On the south side of the city, you have two well designed ramps, one a flyover, which brings 128 traffic onto I-95 heading towards Providence.
What is sad is that traffic could actually improve with simple signage, both on the road side and painted into the lanes, which creates early warning reminders of which lane to be in for thru traffic and exiting traffic. Many of Boston's greatest highway bottlenecks come from exits which are full of weaving drivers. Still, signage is no replacement for proper design and although we do have a few ok ones here, the majority remains poor.
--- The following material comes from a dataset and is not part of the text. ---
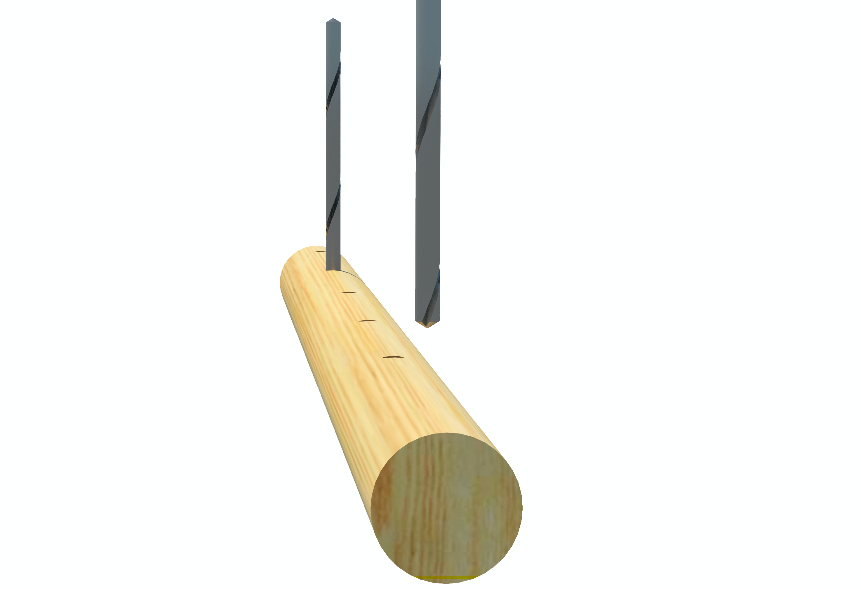 Tarvitset poraustuen. Kun olet porannut ensimmäisen reiän, siirrä pinna seuraavan merkin kohdalle. Työnnä ensimmäiseen reikään terä, jonka kärki osoittaa ylöspäin. Käytä terää, joka istuu reikään tiiviisti. Nyt näet tarkalleen, milloin työstävä poranterä ja merkkiterä ovat samalla kohdalla. Kiinnitä pinna paikoilleen ja poraa.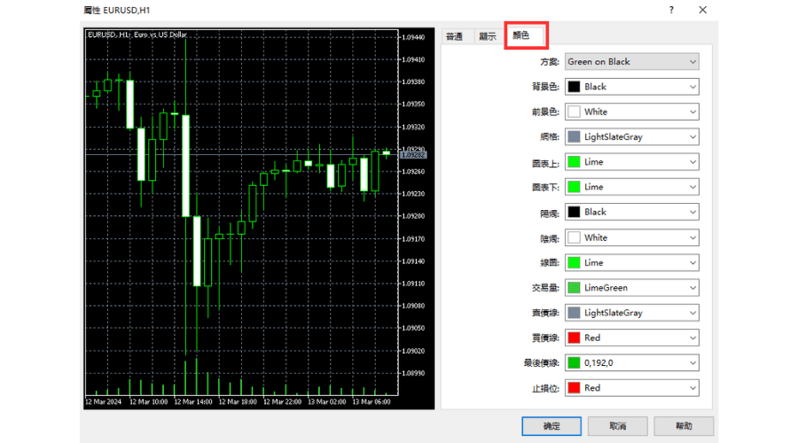 本篇文章将介绍在Windows版MT5(MetaTrade 5)中设置图表颜色的方法。

Anyone who uses the southeast expressway between Boston and Braintree knows that this is one of the most insufficient arteries of any city in the US. The simple problem is that there are no major arteries moving traffic south of the city other than this highway and the southeast expressway must manage traffic:
- commuting from the southern suburbs
- going to and from Providence
- going to and from the Cape and the Islands
- going to the south shore
The expressway is simply too narrow to handle the traffic and as a result, fills up in both directions virtually throughout the day. And being a raised roadway, the Southeast Expressway has little chance of being widened a testament to some of the poorest advanced planning that I can recall as I review transportation systems.
The state has done what it can, adding HOV lanes and more rail service - but the reality is that Boston needs a highway linking the city with the 95/93 interchange in Westwood and unless we happen to come across an unused billion dollars, this is just not likely to happen.